One important point to consider was how the BA-induced ATP release is triggered. Since GPBAR-A and GW4046 had no effects on ATP release, we presume that the TGR5 and FXR receptors are not involved. An alternative mechanism could be BA induced membrane depolarisation [21], which may be mediated by activation of bile acid-sensitive ion channel (BASIC), which belongs to the DEG/ENaC family, recently identified in bile ducts [55]. In addition, CDCA may incorporate into membranes, increase membrane fluidity [56] and thereby affect one or more of ATP release mechanisms as proposed above. Nevertheless, we show that the ATP release is clearly directed towards the lumen of pancreatic ducts (Fig. 2a), and therefore it is likely that there is a trigger mechanism and luminal exocytosis/transport mechanisms. Also in other epithelia, e.g., kidney tubuli and airway epithelia, ATP is released preferentially to the apical/luminal side in response to a number of stimuli [57–60].
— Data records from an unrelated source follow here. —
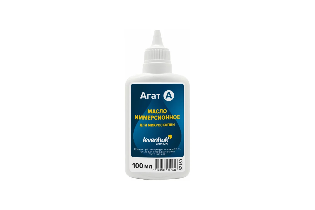 Levenhuk Агат А – классическое иммерсионное масло со стандартными вязкостью и коэффициентом пропускания, разработанное для микроскопов без систем визуализации (цифровых камер). Его можно применять для объективов всех методов исследования кроме люминесценции, но только тех, что поддерживают масляную иммерсию, т. е. объективов с пометкой «МИ» или «OIL». Нельзя использовать с сухими объективами. Масло необходимо для повышения светопропускания оптики и, как следствие, повышения четкости передаваемого изображения.
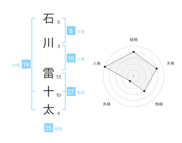 石川 雷十太さんを姓名の画数から五運を鑑定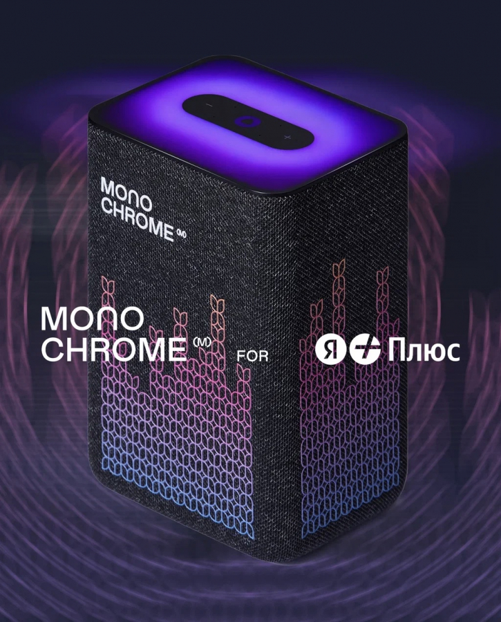 Лимитированную серию колонок «Яндекс Станция 2» создали как арт-объект коллекции. Фирменный паттерн Monochrome в цветах градиента «Яндекс Плюса» создаёт силуэт эквалайзера на каждой стороне устройства.

Regarding effect of BA in pancreas, we propose that BA stimulates release of ATP towards lumen and then ATP binds to P2 receptors and therefore stimulates Ca²⁺ signalling pathways, and these can potentially increase Cl⁻ and K⁺ conductances, which are necessary to initiate and acid/base transport and thus ductal fluid secretion. Indeed it is well documented that several P2 receptors regulate ion channels such as TMEM16A/ANO1, CFTR and K_Ca3.1 and K_Ca1.1 [32, 61]. The more traditional view is that BAs acting directly on BA receptors can affect epithelial transport [10, 26, 62]. For example, in airway epithelial cells, taurodeoxycholic acid (TDCA) stimulates CFTR and Ca²⁺-activated Cl⁻ currents and these effects seems to be mediated by the basolateral TGR5 receptor [10]. From published studies on pancreatic duct epithelia, it was not clear whether BA receptors were expressed. Nevertheless, it is reported that in dog pancreatic duct epithelial cells TDCA also increased Cl⁻ and K⁺ fluxes [26], and in guinea pig pancreatic ducts BAs stimulate K_Ca1.1 channels, but accompanying Cl⁻ channels have not been detected [27, 30].

Previous studies show that CDCA (0.5 mM) caused ATP depletion in pancreatic acinar cells and colon epithelial cells, presumed to be due to inhibited metabolism [63, 64]. Since CDCA induced such a large ATP release in our exocrine cells (Fig. 1), it was relevant to examine whether CDCA could also affect intracellular ATP. We have used several techniques to study this, including intracellular ATP sensors. The transient increase in MgGreen fluorescence could indicate transient decrease in ATP_i. However, since CDCA and ATP caused transient increase in [Ca²⁺]_i, and the fluorophore can also bind Ca²⁺, the MgGreen signals can have several components. In addition, in AR42J cells there was a slow increase in MgGreen fluorescence occurring long after Ca²⁺ peak. There was a similar slow effect of CDCA on AT1.03^YEMK ratio, as well as a change in the lifetime constants of the sensor. These data together indicate that there was a decrease in ATP_i. Using luciferase assay, we find that in the first minute after CDCA stimulation acinar cells release significant amount of cellular ATP (Fig. 5c), though ATP_i seems to decrease first after 12 min, as also indicated by the AT1.03^YEMK measurements (Fig. 4). Nevertheless, it is only after long-term incubation of AR42J cells with 0.5 mM CDCA that significant depletion in ATP_i was detected by luminescence assay (Fig. 5c). This depletion could be due to decreased mitochondrial ATP production and/or secondary effects caused by digestive enzymes released by CDCA-induced exocytosis [20, 63, 65] and by exocytosis/release of ATP, as we show in the present study. In contrast to acini, pancreatic ducts seem very robust. In duct cells, CDCA caused release of less than 3 % of total intracellular ATP, and ATP was presumably replenished (Fig. 5b), which also agrees with total recovery of MgGreen fluorescence with continued CDCA stimulation. Interestingly, in pancreatic islets, BAs (e.g., tauroursodeoxycholate) are not detrimental but enhance ATP_i concentration [15].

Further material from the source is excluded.